PROVIDED DATA =
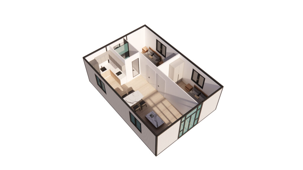 Our 54 - square - meter two - bedroom, one - bathroom folding house offers a harmonious blend of space and functionality. The two bedrooms are generously sized, providing comfortable retreats for rest and relaxation. The single bathroom, equipped with modern fixtures, ensures convenience for daily use. The open - plan living area seamlessly integrates with the dining and kitchen spaces, creating a warm and inviting atmosphere for family gatherings or entertaining guests.
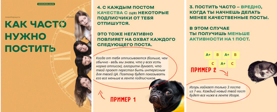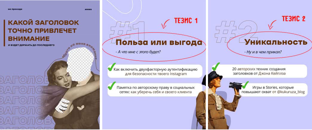 Подписчики просто перестанут обращать внимание на одни и те же призывы в конце каждой карусели — эффективность будет нулевая. Используйте разные интересные CTA
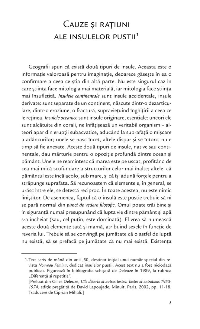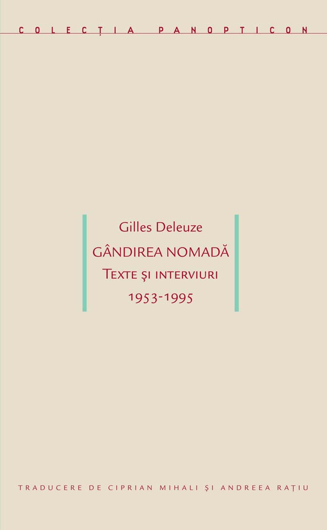 Gilles Deleuze (1925-1995) a predat filosofia vreme de mai bine de douăzeci de ani la Lyon și Paris, din 1964 până în 1987. Istoric al filosofiei, critic al psihanalizei și al capitalismului, teoretician al artei și al literaturii, Deleuze desfășoară în lucrările sale o gândire originală și complexă.

WORK ORDER = Quote everything in the listing above exactly; pictures are the only thing to omit.

SOLVED PROBLEM =
 Our 54 - square - meter two - bedroom, one - bathroom folding house offers a harmonious blend of space and functionality. The two bedrooms are generously sized, providing comfortable retreats for rest and relaxation. The single bathroom, equipped with modern fixtures, ensures convenience for daily use. The open - plan living area seamlessly integrates with the dining and kitchen spaces, creating a warm and inviting atmosphere for family gatherings or entertaining guests.
 Подписчики просто перестанут обращать внимание на одни и те же призывы в конце каждой карусели — эффективность будет нулевая. Используйте разные интересные CTA
 Gilles Deleuze (1925-1995) a predat filosofia vreme de mai bine de douăzeci de ani la Lyon și Paris, din 1964 până în 1987. Istoric al filosofiei, critic al psihanalizei și al capitalismului, teoretician al artei și al literaturii, Deleuze desfășoară în lucrările sale o gândire originală și complexă.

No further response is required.